Overview of Molecule curation
Textpresso aided molecule curation
Extract drug terms and associated sentences from papers, automate the population of postgres with the extracted information. Extract drug terms using the following rules:
- only from sections: results, conclusion, discussion, non-sectioned
- use filters: -review[type]-anesthetized-anaesthetized-anesthetised-anaesthetised-immobilized-immobilised-receptor[sentence]
- Download drug (CHEMICAL) list from http://ctd.mdibl.org/downloads/;jsessionid=EB1439FEB0CFB6FBF5977BB176141A41#allchems
Using a list of terms from the CTD, use textpresso to flag papers containing the term or synonym of term, extract relevant sentence. Map drug term with a MeSH ID (need to use both column 1 and column 7 terms from the tsp. if no match, create list of drug terms with no MeSH ID Match MeSH ID with Molecule postgres MeSH ID if no match, enter MeSH ID ->MeSH/CTD or default textpresso term name ->Public Name textpresso term name different case ->synonym curator ->Michael\\ If MeSH ID match is found in postgres Match drug (case sensitive) with Postgres Public if no match, enter term as a synonym (pipe separated). Match WBPaperID with WBPaper entries associated with molecule term if no match, check WBPaper false field if no match in WBPaper false then enter paperID Enter sentence(s) in Textpresso sentence field (need to create) For each matched MeSH ID, enter synonyms in synonym field
Change to the OA ->add WBPaper false field
Change to the Molecule dumper ->Don't dump Michael curator fields
cron job to grab new ids/terms from ctd?
Problem for some drugs:
levamisole for slide mounting -> actually this can probably be ok
sucrose as in sucrose flotation and sucrose gradient can we create an exclusion list?
- pgid -autoassigned
- WBPaper -multiontology, does not need to be filled in
- Public name -big text field, common name used in paper '''make required'''
- Synonyms -big text field, any other names associated with the molecule
- Molecule use -big text field, enter its use, make sure to have a source noted in WBPaper or include a pers comm. in the field
- MeSH/CTD or default -molecules in acedb should be stored with their MeSH UID.

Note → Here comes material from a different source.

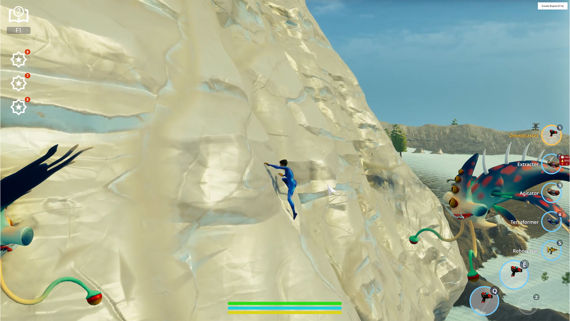 Explore and map newly discovered worlds on the far side of wormholes inhabited by extradimensional creatures. Every planet has unknown flora and fauna with varying smarts, behaviors, and taste for human flesh. And every world is alive. Get swept away by the current of a raging river, or watch a forest burn when you carelessly miss your shot. These are planets where trees grow and water flows, where creatures live out their lives migrating and competing. Planets where seasons change and where what you do to the environment around you persists – and matters.

- when no MeSH ID is available, a WBMol ID is assigned (based on the pgid), which will eventually get replaced by the MeSH ID when available. Therefore periodic checks of the WBMolecules against other databases must be scheduled.

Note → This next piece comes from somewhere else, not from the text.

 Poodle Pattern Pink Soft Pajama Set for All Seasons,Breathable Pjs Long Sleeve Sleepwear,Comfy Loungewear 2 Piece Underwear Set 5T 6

- Initially these WBMolIDs were only to be kept internally in Postgres but with the addition of SMMID's to our curation pipeline, molecules with links to SMMID will be collected that do not have MeSH IDs available and will need to be pushed to the website without them.
- Also, molecules entered through XREFs are not suppressed if they only have a WBMol ID, so these molecules will be on the site in relation to these other classes.
- When MeSH IDs are available, WBMol ID's need to be kept as synonyms so the molecule to phenotype mapping can be maintained.
- These Names are scripted to be used in URL constructions for MeSH and CTD database links. By suppressing WBMol_id's URLs to these database were not pushed out to the database. Now that WBMol_id's are not suppressed incorrect URLs will be made and will now have to be suppressed somehow. See jobs for molecule dumper on this page: molecule .ace dumper change made 7/7/11
- If a molecule needs to be created it is given a WBMol ID, which will need to be used as a synonym once a bona fide MeSH ID is avaible -e.g. move the WBMol ID from the default field to the synonym field--talk to the web team about only displaying the public name.
- CasRN -ID text field; assigned by CAS, can be used in multiple chemical databases including ChEMIDplus. A ChEMIDplus db line is generated using the CasRN in the .ace file.
- ChEBI_ID -text field; ID for ChEBI db
- Kegg compound -text field; accession number for KEGG compound db
- SMMID -text field; to link to SMMID DB -also need to change the dumper
- Curator - single ontology
- Remark -big text, not dumped
Two files need to be supplied for each upload:
- Molecule.ace made from karen/Molecule/dump_molecule_ace.pl
- database.ace static .ace also in karen/Molecule : this file contains all the database info for the chemical/small molecule database links, it needs to be manually edited whenever there are changes to the databases associated with molecule data.
During each upload a molecule.ace file will be made in citace by Wen. This file will contain all the molecule cross references from within the RNAi and Variation Phenotype curation, merging them with the molecule data from the molecule list.
What we mean by small molecule
- metabolite (primary and secondary)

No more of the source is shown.